The roll call continued.

“These rascals will adjourn when they find that they are not in sufficient force,” said the Comte de la Fere.

“You don’t know them. Athos, look at Mordaunt’s smile. Is that the look of a man whose victim is likely to escape him? Ah, cursed basilisk, it will be a happy day for me when I can cross something more than a look with you.”

“The king is really very handsome,” said Porthos; “and look, too, though he is a prisoner, how carefully he is dressed. The feather in his hat is worth at least five-and-twenty pistoles. Look at it, Aramis.”

The roll call finished, the president ordered them to read the act of accusation. Athos turned pale. A second time he was disappointed in his expectation. Notwithstanding the judges were so few the trial was to continue; the king then, was condemned in advance.

“I told you so, Athos,” said D’Artagnan, shrugging his shoulders. “Now take your courage in both hands and hear what this gentleman in black is going to say about his sovereign, with full license and privilege.”

Never till then had a more brutal accusation or meaner insults tarnished kingly majesty.

Charles listened with marked attention, passing over the insults, noting the grievances, and, when hatred overflowed all bounds and the accuser turned executioner beforehand, replying with a smile of lofty scorn.

“The fact is,” said D’Artagnan, “if men are punished for imprudence and triviality, this poor king deserves punishment.
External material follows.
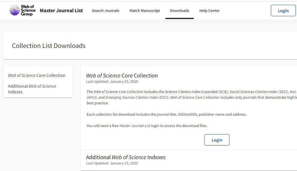 데이터베이스별 등재 중인 저널 리스트는 'Master Journal List' 에서 회원가입 후 무료로 다운로드하실 수 있습니다.

But it seems to me that that which he is just now undergoing is hard enough.”

“In any case,” Aramis replied, “the punishment should fall not on the king, but on his ministers; for the first article of the constitution is, ‘The king can do no wrong.’”

“As for me,” thought Porthos, giving Mordaunt his whole attention, “were it not for breaking in on the majesty of the situation I would leap down from the bench, reach Mordaunt in three bounds and strangle him; I would then take him by the feet and knock the life out of these wretched musketeers who parody the musketeers of France. Meantime, D’Artagnan, who is full of invention, would find some way to save the king. I must speak to him about it.”

As to Athos, his face aflame, his fists clinched, his lips bitten till they bled, he sat there foaming with rage at that endless parliamentary insult and that long enduring royal patience; the inflexible arm and steadfast heart had given place to a trembling hand and a body shaken by excitement.

At this moment the accuser concluded with these words: “The present accusation is preferred by us in the name of the English people.”

At these words there was a murmur along the benches, and a second voice, not that of a woman, but a man’s, stout and furious, thundered behind D’Artagnan.

“You lie!” it cried. “Nine-tenths of the English people are horrified at what you say.”

This voice was that of Athos, who, standing up with outstretched hand and quite out of his mind, thus assailed the public accuser.

King, judges, spectators, all turned their eyes to the bench where the four friends were seated. Mordaunt did the same and recognized the gentleman, around whom the three other Frenchmen were standing, pale and menacing. His eyes glittered with delight. He had discovered those to whose death he had devoted his life. A movement of fury called to his side some twenty of his musketeers, and pointing to the bench where his enemies were: “Fire on that bench!” he cried.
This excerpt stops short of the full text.